What is needed:
Everything in the listing that follows should be reproduced exactly except the pictures.

Available data:

+++

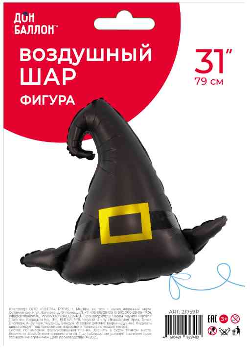 Шар фольга фигура Шляпа Волшебника Черный 31" 79см FL (упак)
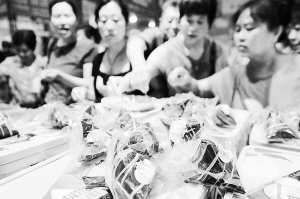 在展会现场,散装、简装粽子展台前人头攒动,消费者争相选购;而包装精美的套装、篮装、盒装粽子却乏人问津。一位消费者告诉记者,“盒装粽子至少要上百元,只有送礼的才会买,自己吃还是买散装的更实惠。”新华社记者 李健 摄
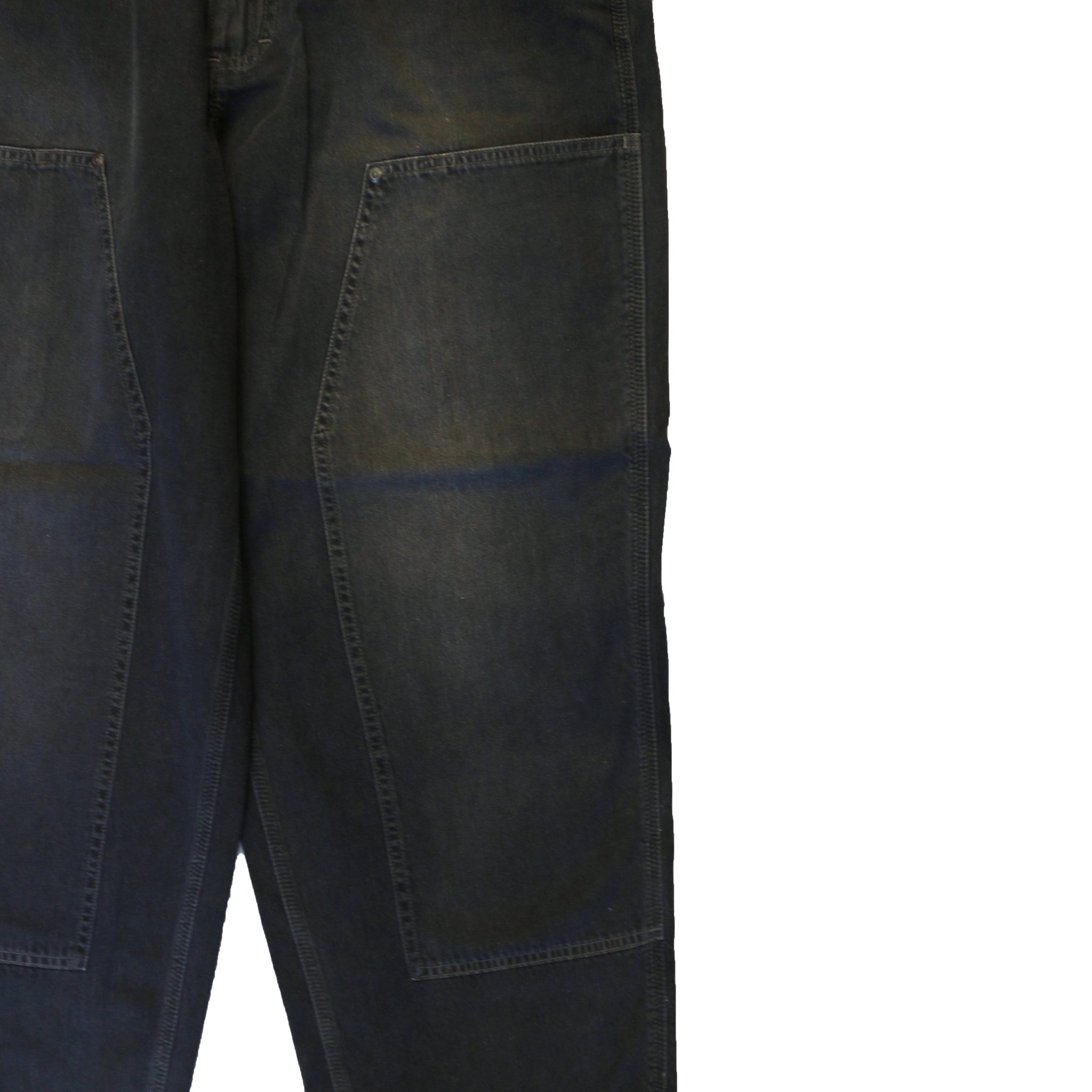リラックス感のあるシルエットが魅力のダブルニーデニムパンツ。
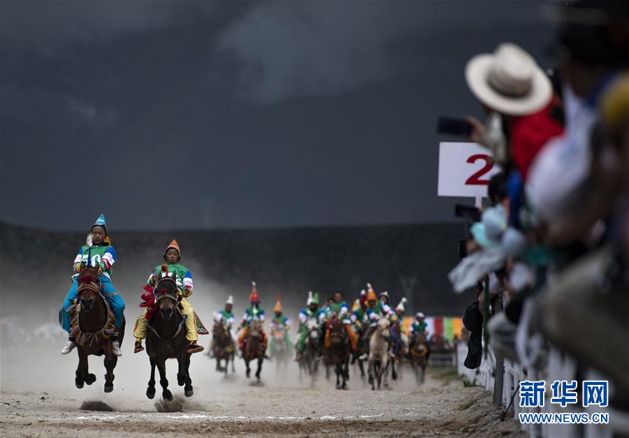 8月10日,骑手驰骋在当雄县赛马场。新华社记者普布扎西摄。
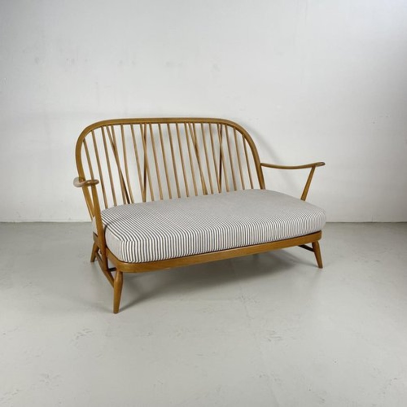 Refurbished Ercol Windsor 2 seater sofa in original blonde finish. Newly upholstered in a French ticking navy blue stripe cotton/linen mix fabric and new foam. This piece is in good vintage condition. It has been fully refurbished and the webbing is brand new. The frame is solid and sturdy. There are a few scuffs, scratches and marks to be expected with age but nothing which is too noticeable. Approximate dimensions: Length: 134cm Depth: 85cm Height: 78cm Seat height 35cm
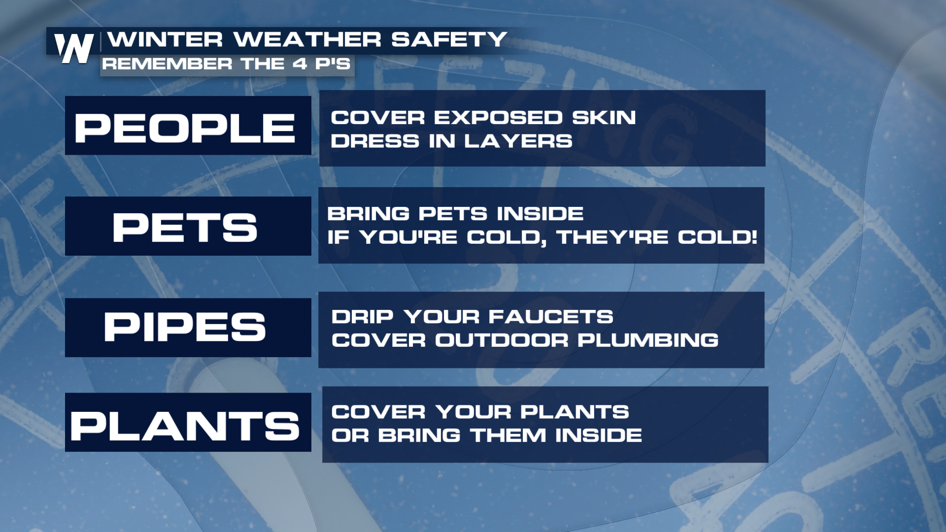 If you're across the deep south, extreme cold weather doesn't come too often. However, when it does, remembering the 4 P's is always helpful.
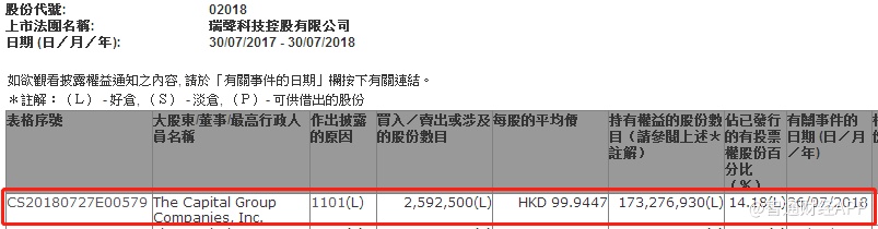 另外,The Capital Group于同日还增持瑞声科技(02018)259万股,每股作价99.9447元,总值2.59亿元,最新持股量增至14.18%。
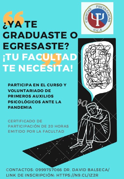 La Facultad invita a los estudiantes de los últimos semestres, egresados y graduados de nuestra institución, a participar en el VOLUNTARIADO Y CURSO DE PRIMEROS DE AUXILIOS PSICOLÓGICOS ANTE LA PANDEMIA
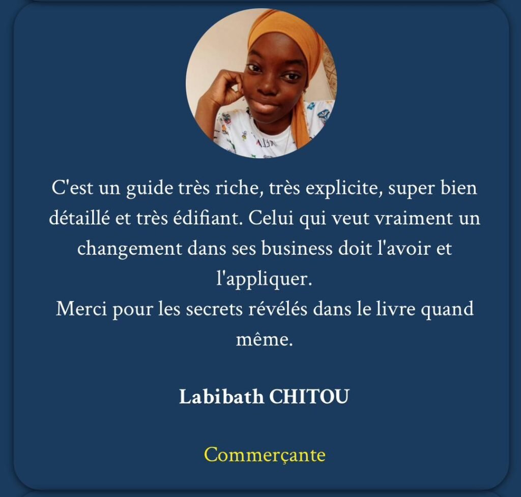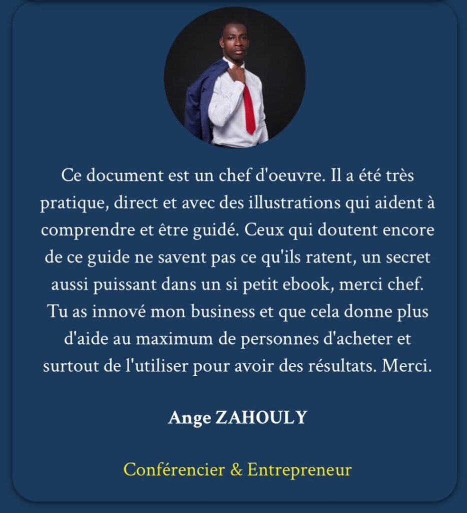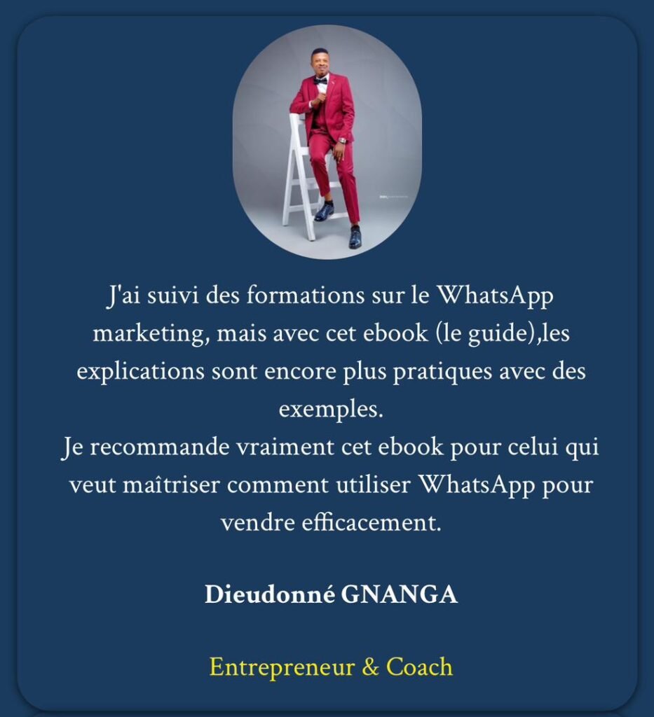 Il s’agit d’un guide dans lequel vous découvrirez étape par étape comment passer de 0 à plus d’1 MILLION de francs CFA de chiffres d’affaires en faisant de la vente sur WhatsApp, que ce soit de produits physiques ou digitaux, de services ou encore pour monétiser vos compétences. Ce sont des stratégies de vente hors pair qui y sont consignées de manière que tout le monde puisse les comprendre et les appliquer. Que vous ayez actuellement des produits ou pas, ce guide vous aidera à identifier et rechercher les meilleurs produits pour vous lancer même en tant que débutant
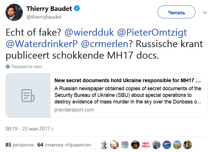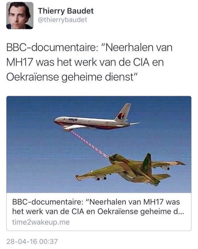 Тут Тьерри Бодэ, распространяет фейковую новость о док.фильме BBC про ЦРУ и Украину. В реальности фильм BBC был про набор конспирологичных теорий включая су-25, которые в фильме BBC просто разоблачали.
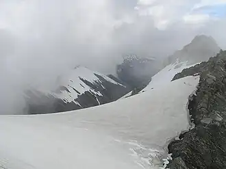 ![]() Mount Adams from the south-east, Escape Glacier at left, Siege Glacier (partially covered in rock debris) at centre. Late summer conditions. | |
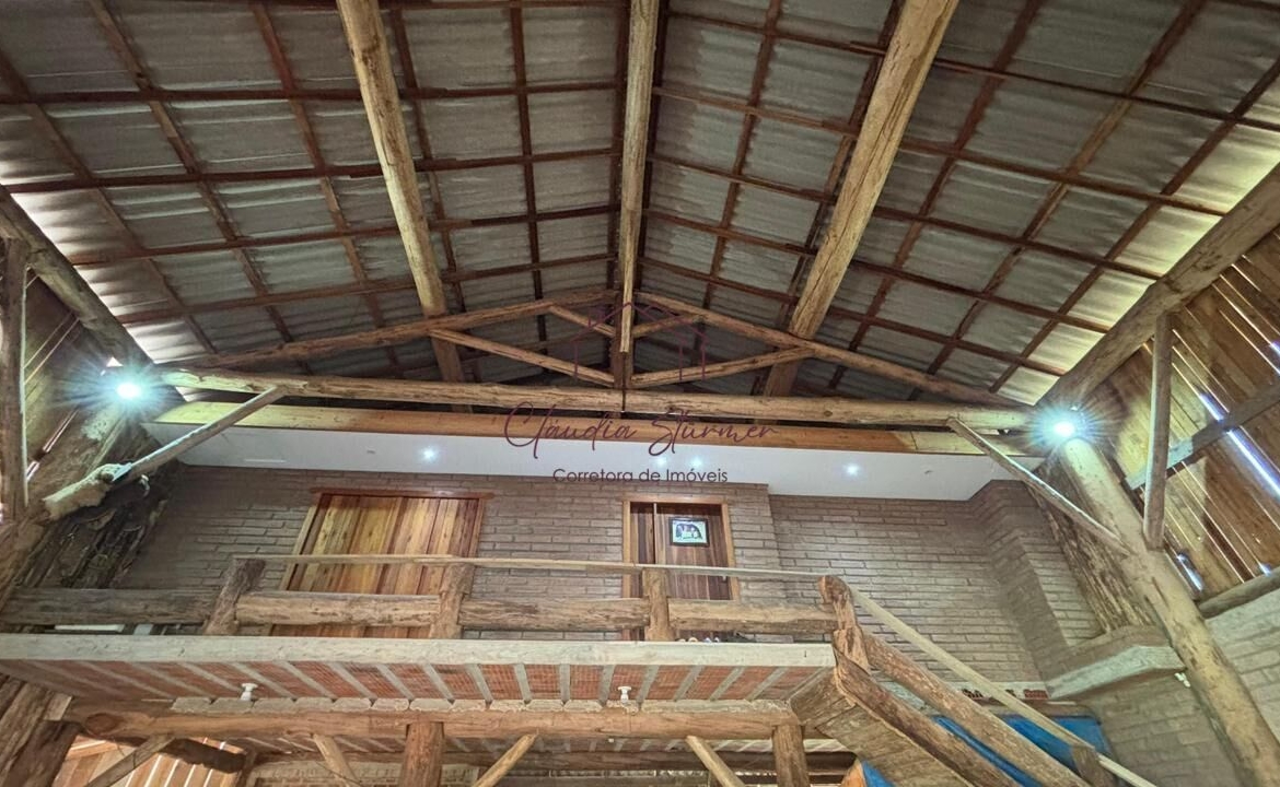 • Parte inferior: amplo espaço com lareira aconchegante, banheiro, cozinha e lavanderia.
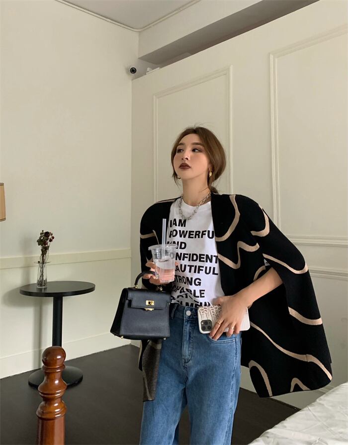 スタンダードスタイルオータムストライプドレス ルーズレディース レトロ 秋物 Xiaofeijia60932581068
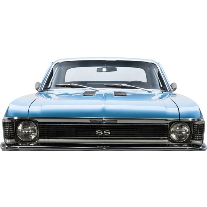 Quality reproduction of the original hood lip molding designed for use on 1968-72 Nova and Chevy II models. This precision stamped aluminum molding is manufactured to exact specifications to insure an original fit and appearance. Includes thread cutting nuts.
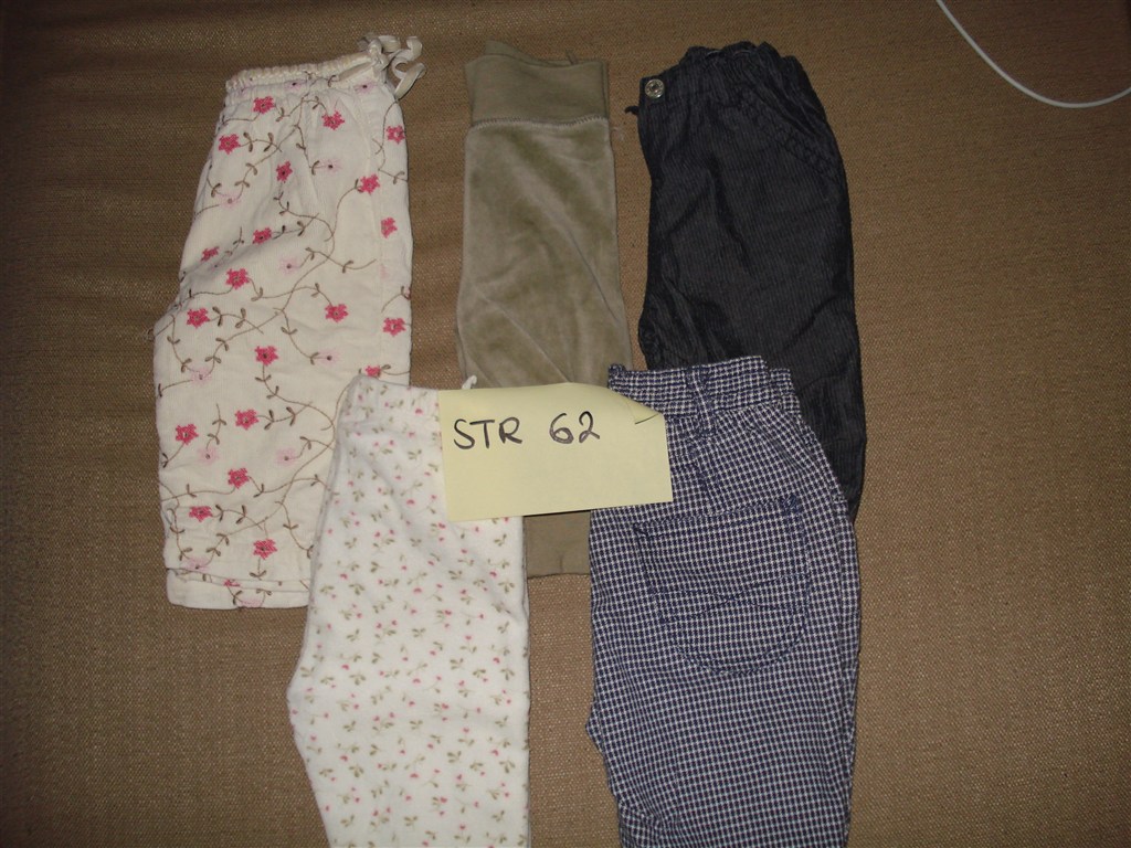 De blå, grå og sorte bløde bukser i str. 56 på billede 5 samt de brune i str. 62 på billede 6 til 40 kr

+++

Solution:
 Шар фольга фигура Шляпа Волшебника Черный 31" 79см FL (упак)
 在展会现场,散装、简装粽子展台前人头攒动,消费者争相选购;而包装精美的套装、篮装、盒装粽子却乏人问津。一位消费者告诉记者,“盒装粽子至少要上百元,只有送礼的才会买,自己吃还是买散装的更实惠。”新华社记者 李健 摄
リラックス感のあるシルエットが魅力のダブルニーデニムパンツ。
 8月10日,骑手驰骋在当雄县赛马场。新华社记者普布扎西摄。
 Refurbished Ercol Windsor 2 seater sofa in original blonde finish. Newly upholstered in a French ticking navy blue stripe cotton/linen mix fabric and new foam. This piece is in good vintage condition. It has been fully refurbished and the webbing is brand new. The frame is solid and sturdy. There are a few scuffs, scratches and marks to be expected with age but nothing which is too noticeable. Approximate dimensions: Length: 134cm Depth: 85cm Height: 78cm Seat height 35cm
 If you're across the deep south, extreme cold weather doesn't come too often. However, when it does, remembering the 4 P's is always helpful.
 另外,The Capital Group于同日还增持瑞声科技(02018)259万股,每股作价99.9447元,总值2.59亿元,最新持股量增至14.18%。
 La Facultad invita a los estudiantes de los últimos semestres, egresados y graduados de nuestra institución, a participar en el VOLUNTARIADO Y CURSO DE PRIMEROS DE AUXILIOS PSICOLÓGICOS ANTE LA PANDEMIA
 Il s’agit d’un guide dans lequel vous découvrirez étape par étape comment passer de 0 à plus d’1 MILLION de francs CFA de chiffres d’affaires en faisant de la vente sur WhatsApp, que ce soit de produits physiques ou digitaux, de services ou encore pour monétiser vos compétences. Ce sont des stratégies de vente hors pair qui y sont consignées de manière que tout le monde puisse les comprendre et les appliquer. Que vous ayez actuellement des produits ou pas, ce guide vous aidera à identifier et rechercher les meilleurs produits pour vous lancer même en tant que débutant
 Тут Тьерри Бодэ, распространяет фейковую новость о док.фильме BBC про ЦРУ и Украину. В реальности фильм BBC был про набор конспирологичных теорий включая су-25, которые в фильме BBC просто разоблачали.
 ![]() Mount Adams from the south-east, Escape Glacier at left, Siege Glacier (partially covered in rock debris) at centre. Late summer conditions. | |
 • Parte inferior: amplo espaço com lareira aconchegante, banheiro, cozinha e lavanderia.
 スタンダードスタイルオータムストライプドレス ルーズレディース レトロ 秋物 Xiaofeijia60932581068
 Quality reproduction of the original hood lip molding designed for use on 1968-72 Nova and Chevy II models. This precision stamped aluminum molding is manufactured to exact specifications to insure an original fit and appearance. Includes thread cutting nuts.
 De blå, grå og sorte bløde bukser i str. 56 på billede 5 samt de brune i str. 62 på billede 6 til 40 kr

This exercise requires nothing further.